Coral-encrusted trench walls, year-round warm, clear water, and little or no current make the Caymans one of the best places to dive in the Caribbean. On the main island, West Bay and the reefs along the mouth of North Sound offer the most sites. West Bay's Victoria House Reef, just off Seven Mile Beach, features sea fans, parrotfish and brilliant orange tube sponges. The North Wall off Jackson Point on Little Cayman hosts sting and eagle rays, turtles and masses of coral. Cayman Brac has shallow elkhorn gardens off its southwestern coast and a steep virgin wall where the bluff continues below the eastern shore.
If you really want to get down, consider taking a trip on the Atlantis Deep Explorer. This research submarine takes two passengers at a time down to a depth of 1000ft (330m) - it's ghostly, dreamy, freaky, oh, and expensive. For a more interactive diving ding-dong, you can go for a hickey from a ray at Stingray City. Stingrays gather at this North Sound sandbar, where they know they'll get fed (fish food, not snorkelers), and there are lots of operators who will take you out for the half day trip.

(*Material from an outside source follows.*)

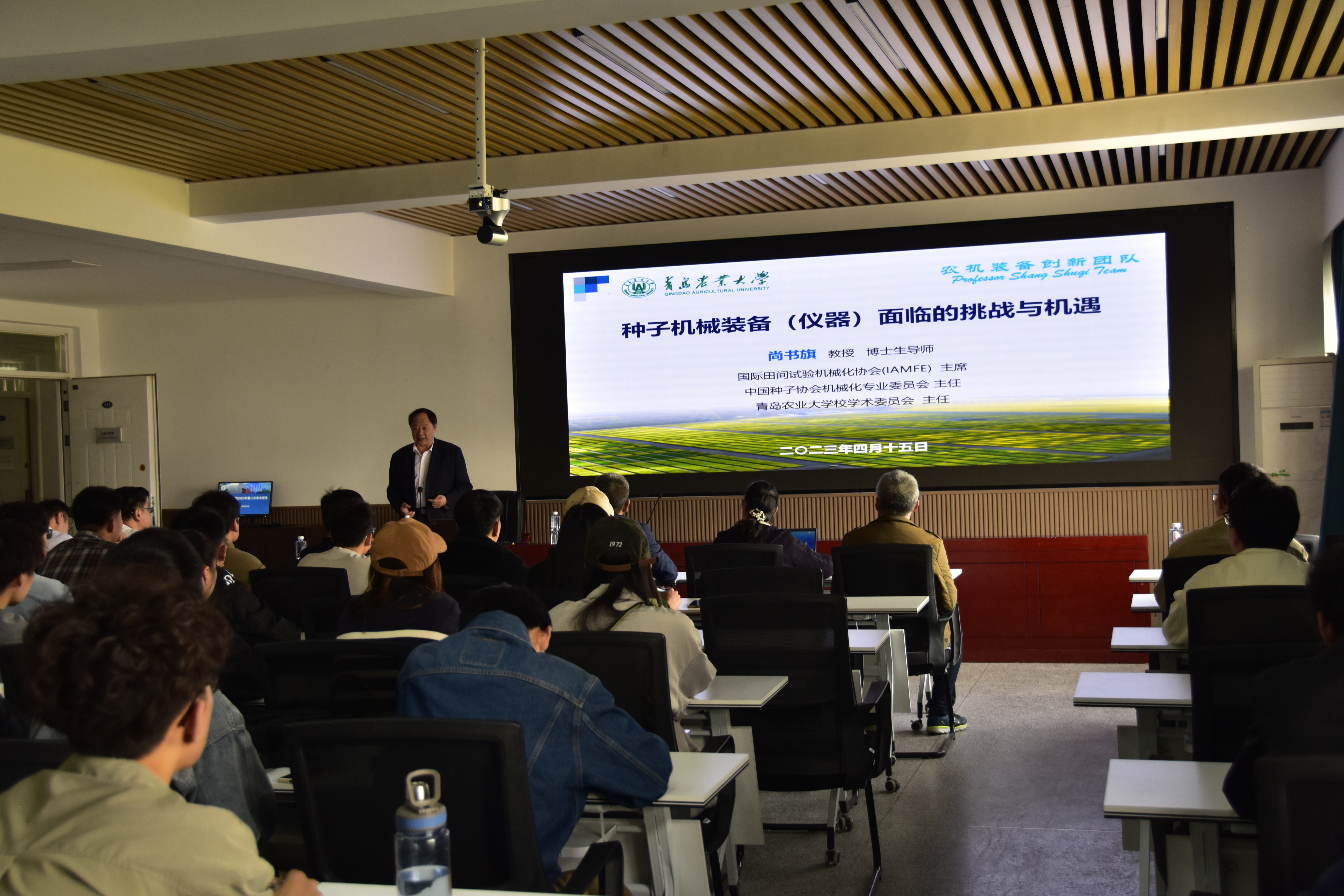 2023年4月15日,我院邀请青岛农业大学博士生导师、国际田间试验机械化协会主席尚书旗教授,在文萃校区明远楼512报告厅举办“种子机械装备(仪器)面临的挑战和机遇”学术报告会,青岛农业大学机电工程学院院长王东伟出席,会议由学院副院长王昱潭主持。

Those same private operators will happily take you fishing. Though no license is required for deep-sea fishing, regulations require the angler to keep only that which can be consumed (some restaurants will cook your catch for you). Tarpon and bonefish are for sport only - all must be released.
With nearly 200 native winged species, the islands have outstanding birding. Cayman Brac has a Parrot Preserve and colonies of boobies and yellow-bellied sapsuckers. Little Cayman is home to the Booby Pond Nature Reserve, where red-footed boobies, herons and egrets are common sights. Meagre Bay Pond, on the southern coast of Grand Cayman, features grebes, plovers, shovelers and snowy egrets.
The National Trust has produced self-guided walking tour booklets for George Town and Central West Bay, easing your passage to the past with explanation and anecdote. Most of the islands' hiking trails are flat, but you could try speed-walking the 140ft (45m) bluff at the eastern end of Cayman Brac if you're desperate for a workout. The Botanic Gardens on Grand Cayman have a carefully laid-out educational trail through acres of orchids and flowering fruit trees. Cayman Brac also has great caving, especially in the recesses of the bluff, where (as local legend has it) you might find pirate treasure - or a rusty bottle cap or two.
If those romantic sunsets are really doing it for you and your special someone, why don't you all get hitched? Increasing numbers of visitors come to the Caymans to get married - waiting time and fuss is minimal, you're sure to have a gorgeous background for the photos and it's not far to the honeymoon suite.